Читаем A Million Thoughts: Learn All About Meditation from a Himalayan Mystic полностью

This creates a baggage of a different kind. It’s the heaviest load but an invisible one. We remain unaware of its weight as well as oblivious to its continuous build up.

From the moment you can recall to the present one, it has been on your consciousness. You have accepted it implicitly like a citizen accepts the laws of the country of residence. It is an unequivocal, silent and unconditional acceptance. If you haven’t guessed it already, I am referring to the huge weight of expectations. You may believe that you don’t have any or that you have only the basic and realistic ones. Think again, I urge you, after going through the following section.

When a lingering thought is not abandoned, it becomes a desire. When we contemplate on the fulfillment of desire and feel that it is our right to see it fulfilled, that somehow we deserve it – it becomes an expectation. For example, it’s 4 PM and you are sitting at work, partly bored and partly engaged in your assignment. Out of nowhere, an image of a nice meal crosses your mind. Rather than dropping the thought of food, you pursue it and soon find yourself craving for a good dinner when you get home. This is desire. Let’s say your wife is a homemaker and a good cook. Since she’s your wife and looking after the home, you ‘expect’ to be served a good meal for dinner. Or maybe you expect this way because you saw your mother or grandmother doing it when you were growing up. Or perhaps you expect it because you feel it’s the basic right of a husband. That’s what expectations are: desires with rights attached to them.

You get home and announce at the door, “Honey, I’m home!” You are ‘expecting’ a warm welcome, a hot meal. But Honey is not exactly sweet and welcoming today. Maybe she just found out that the dress she bought for Rs. 5,000 last week is on sale today for Rs. 2,700. You announce again but she tells you to stop shouting.
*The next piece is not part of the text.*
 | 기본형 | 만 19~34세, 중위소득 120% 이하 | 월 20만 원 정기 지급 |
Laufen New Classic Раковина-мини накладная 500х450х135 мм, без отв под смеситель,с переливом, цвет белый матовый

What happens next is better left to your imagination.

Expectations are those desires you believe you have the right to see fulfilled. Due to our own conditioning by numerous factors, we develop expectations. They are the primary cause of all grief and stress. When we expect, we place a burden on ourselves as well as the one we expect from.

Different Kinds of Expectations

Lingering thoughts that we pursue and contemplate on become the building blocks of our world. Cemented in attachment, we keep erecting the walls of desires around us eventually finding ourselves completely trapped with no escape doors. Expectations are not just what we have from others or what they have from us. They are of three types in fact, and all three arise when we fail to drop the thought that seeded it at the first place.

From Self

The expectations we have from ourselves are at the root of our grief. We expect ourselves to be disciplined, calm, together, always caring and so on. But when we procrastinate, get angry, indulge immorally or act selfishly, somewhere we feel guilty. Even if no one was hurt or harmed in the process, we still feel bad. Primarily because we have certain expectations from ourselves and we failed to fulfill them. The troubling thing is that not all these expectations are right. Most of these have been handed down to us by our society, teachers, parents, peers, religion and so on.
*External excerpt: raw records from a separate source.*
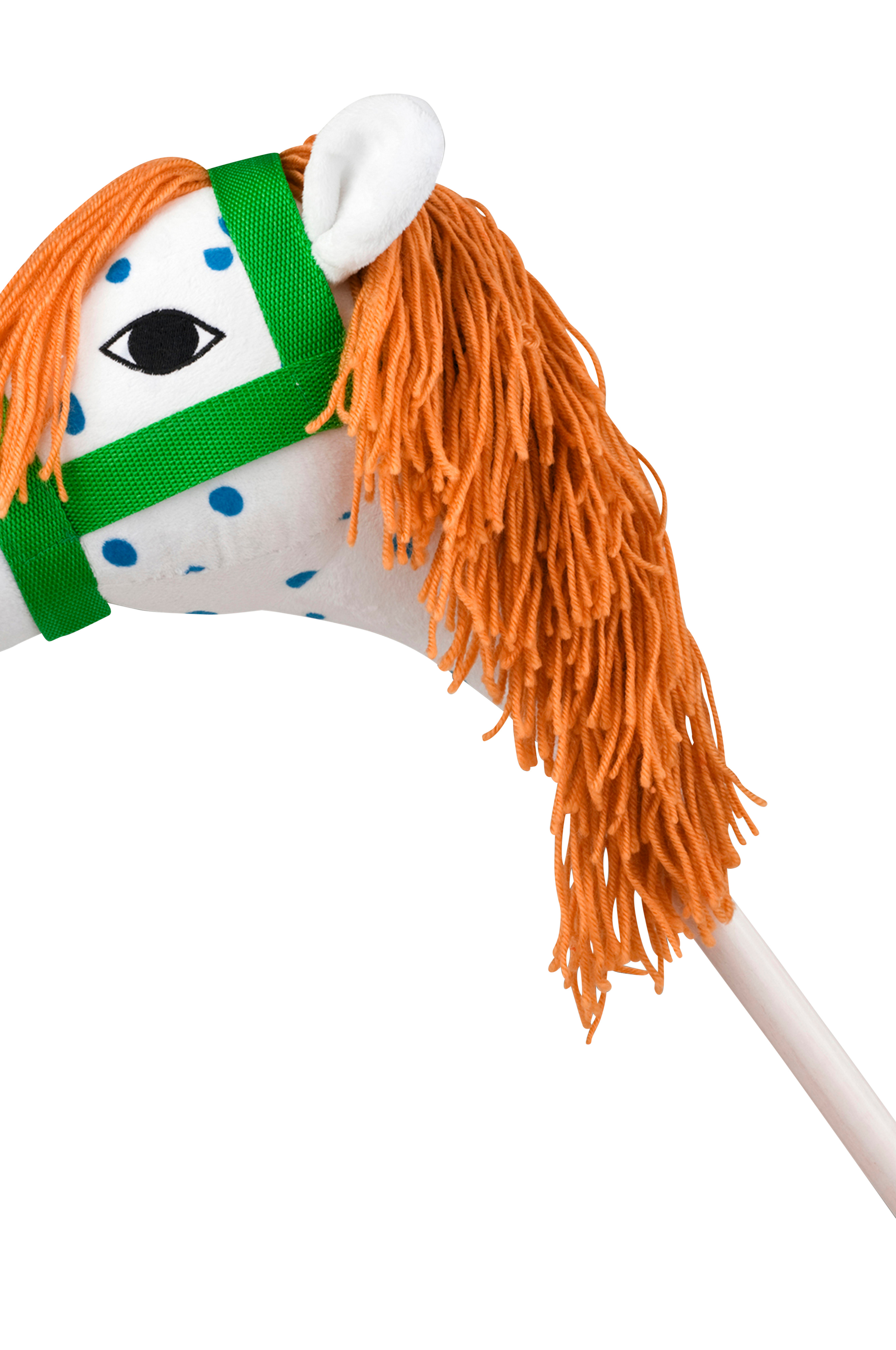 Pippis häst Lilla Gubben som käpphäst. Alltid redo för en ridtur!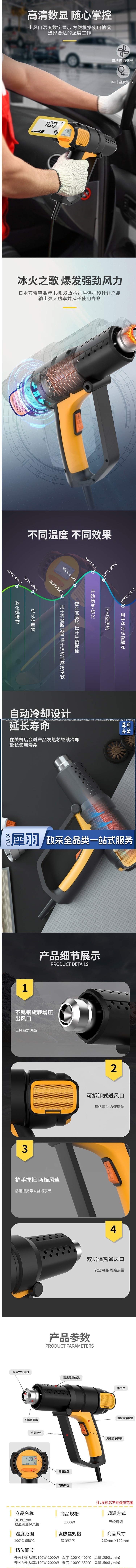 得力(deli) 数显可调温热风枪工业电热吹风机热风筒电烤枪汽车贴膜烤枪收缩膜烘枪2000W 自动冷却 DL391200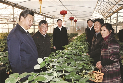 2014年12月,习总书记在赵亚夫的介绍下,参观世业农业园。(资料图片)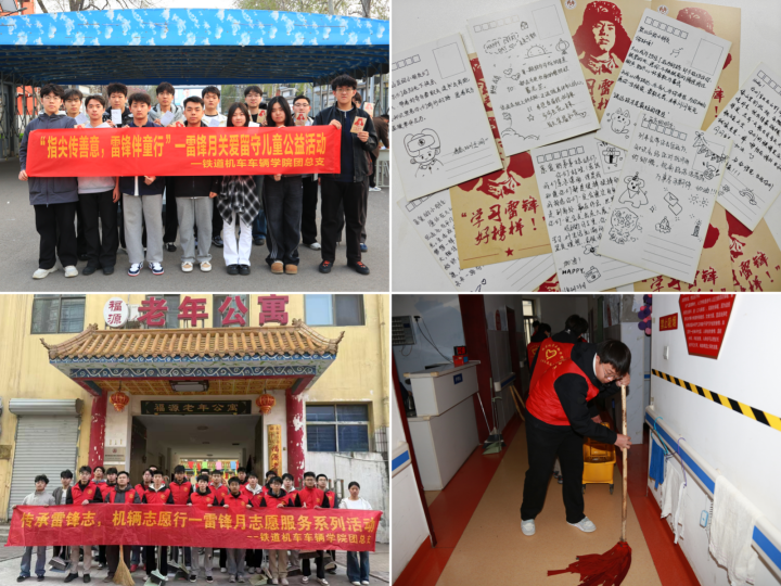 铁道机车车辆学院将雷锋精神与专业特色深度融合。面向留守儿童开展“指尖传善意,雷锋伴童行”活动,书写爱心明信片、录制暖心视频,以温情守护童心;志愿者走进敬老院和青少年活动中心开展义务清扫,之后在开发区校区实训基地开展常态化设备维护,将敬业奉献精神融入专业养成。

Based on your education, samskara, upbringing, your social circle and your professional life – all of which play an important role in your conditioning – you expect yourself to be a certain way before others. You have set for yourself certain benchmarks and standards derived out of information passed onto you in many forms; normally based on the religion you practice and the company you keep in addition to other social and personal factors.
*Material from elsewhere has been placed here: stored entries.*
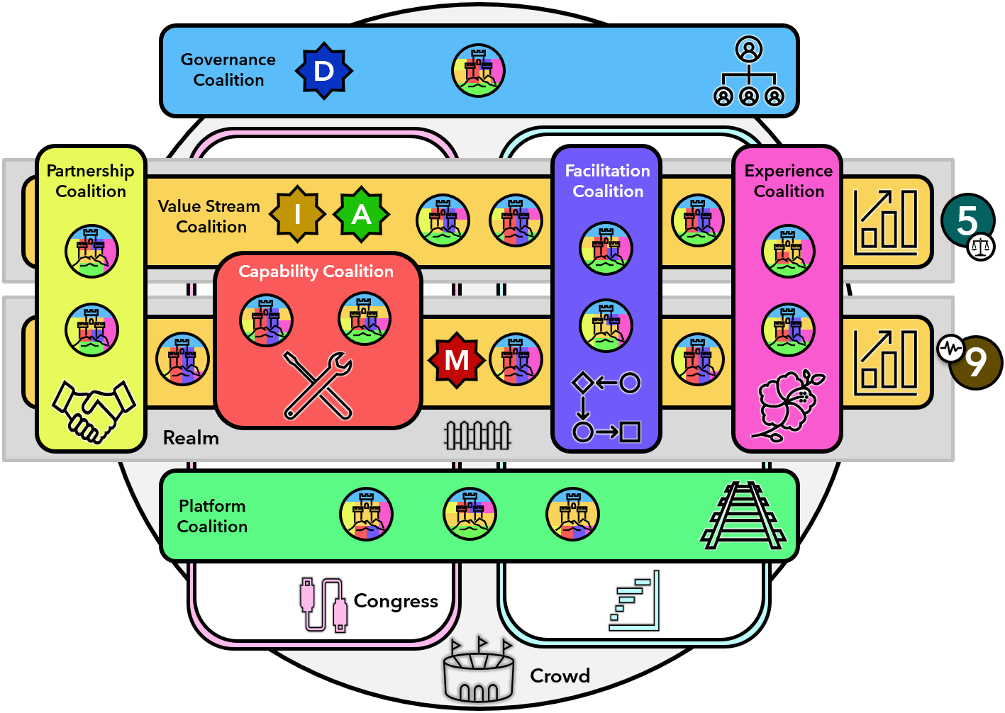 As coalizações normalmente consistem em três a sete Ligas. São, em grande medida, autônomos e auto-organizados. Dizemos “em grande medida” porque há sempre algumas restrições à auto-organização impostas por uma Coalização de Governança (também conhecida como a equipa de gestão da Conglomerado). As Coalizões podem ter autonomia para decidir sobre os seus próprios objetivos, processos, funções e membros. Eles são uma equipe com prazo determinado e com a missão de fazer algo.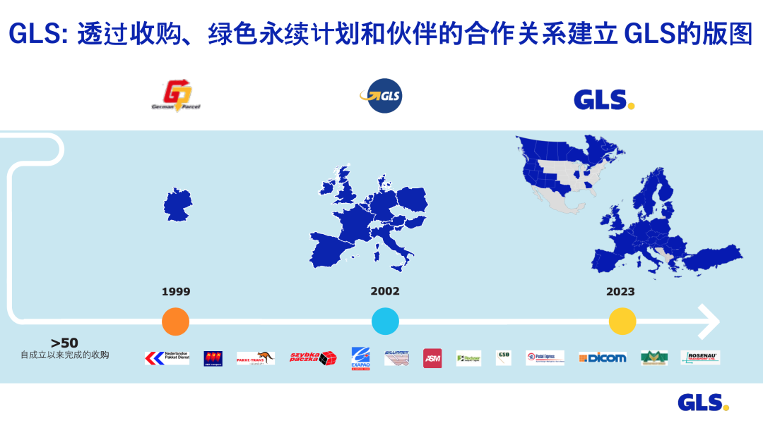 到2002年,GLS通过在多个国家收购和成立子公司建立了庞大的泛欧包裹网络,合并推出了General Logistics Systems(GLS)品牌。此后,GLS逐步引入了质量管理体系,进一步扩展旗下网络,并构建了高效可靠的IT服务体系。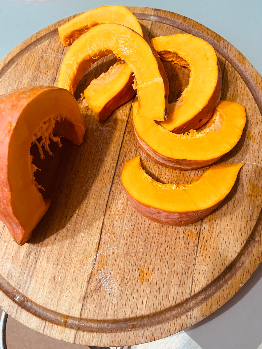 Всем доброго дня. Вернувшись домой, я пошла в магазин за продуктами и увидела на полках тыкву, маленькую, такую ярко оранжевую, что решила купить. В Москве то с сыном все больше мясо ели, вот меня теперь на овощи и потянуло. Принесла домой, разрезала, она такая красивая, очень насыщенный цвет был, телефон даже не передает ее реальный цвет Ну и я третью часть от нее решила попробовать запечь в микроволновке. Я обычно просто отваривала в небольшом количестве воды с сахаром, а тут захотела запечь, но делать в духовке- времени надо значительно больше потратить. И я подумала, посмотрю как в микроволновке получится. Взяла немного, даже шкурку не очищала, так на кусочки порезала и поставила. Всего на четыре минуты, и она стала мягкая. Кожицу очистила просто столовой ложкой Очень вкусная она оказалась, съела ее со сметаной и урбечем, еще дагестанский у меня есть, не весь съела 😊 А на следующий день решила приготовить оставшуюся, этим же способом готовила, только ела уже со сливками и вял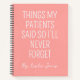 Keep every hilarious, touching, or unforgettable patient quote safe in this personalised nurse notebook that says “Things My Patients Said So I’ll Never Forget.” A perfect blend of humour and heart for nurses, doctors, medical assistants, and healthcare workers. Great for jotting notes during shifts or as a thoughtful gift for coworkers, nursing students, or graduates. Ideal for birthdays, nurse week, or hospital appreciation days. Customise with a name or title for a truly special touch!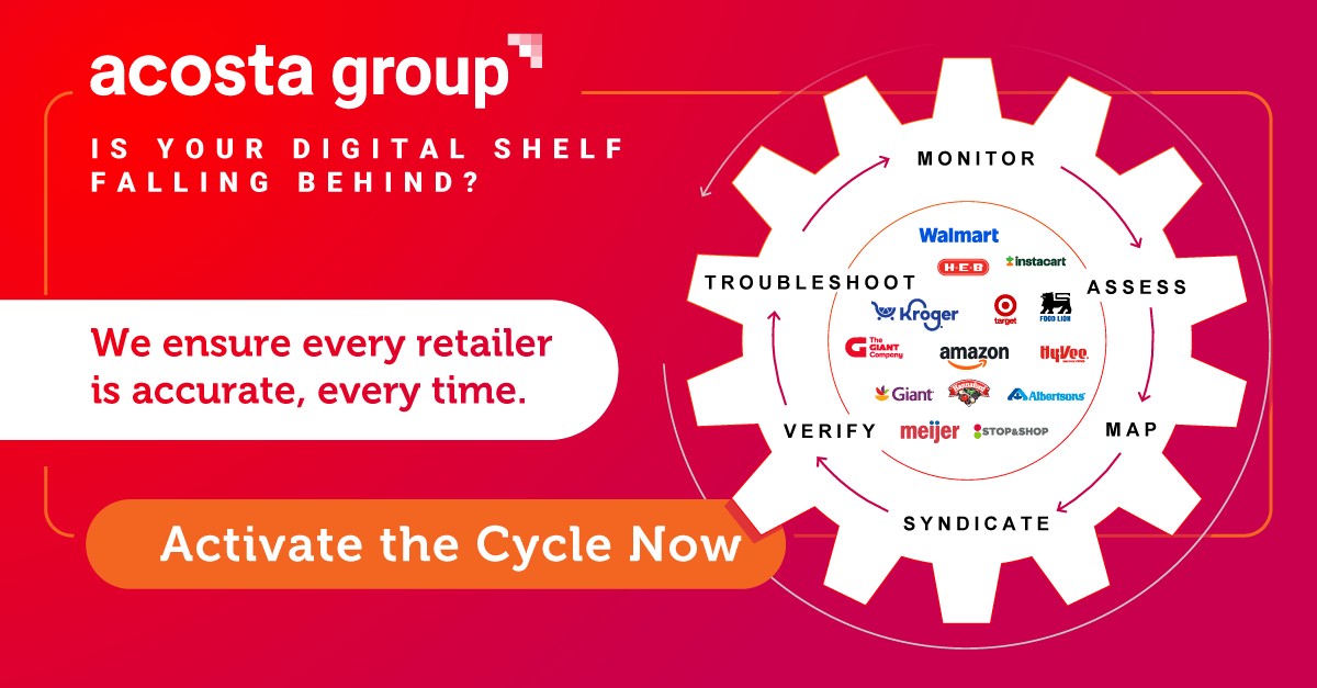 They work directly with retailers of all sizes and know where your dollars will drive the biggest sales impact. From digital shelf to retail media to data analytics Acosta Group offers end-to-end Connected Commerce——all under one roof. Learn more at Acosta.Group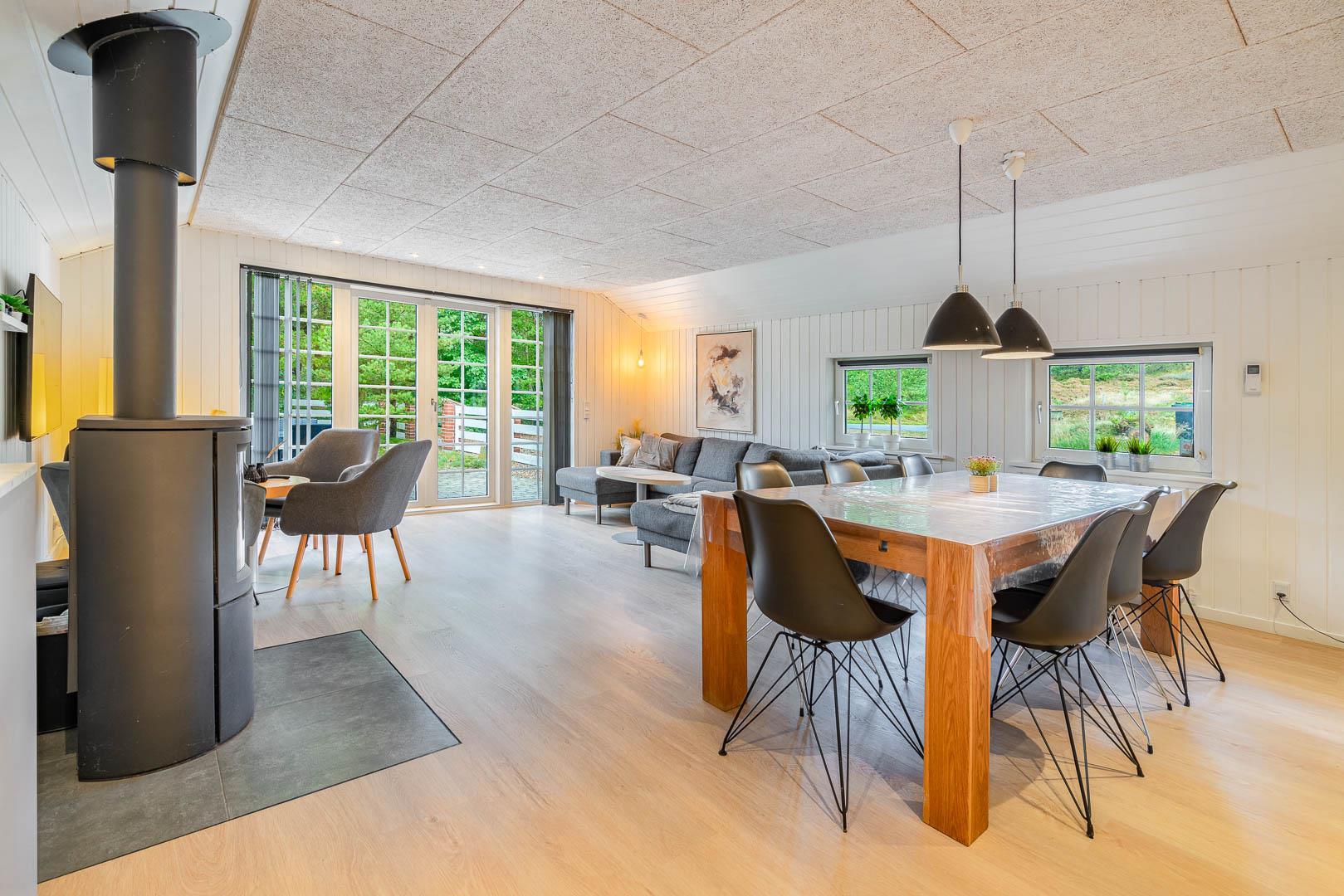 Et feriehus - velegnet til 2 familier, hvor rammerne er til stede for en rigtig god ferie - hele året. Energibesparende varmepumpe i huset.

When these expectations, the ones you have from yourself, are not met, they give birth to shame and guilt. You feel low and tormented. In a state of as much denial as disbelief, you feel miserable and lost. You eternally stay buried under these expectations, majority of which is a big load of rubbish. With mindfulness you can filter them, keeping the ones that strengthen your consciousness and make you a more compassionate person.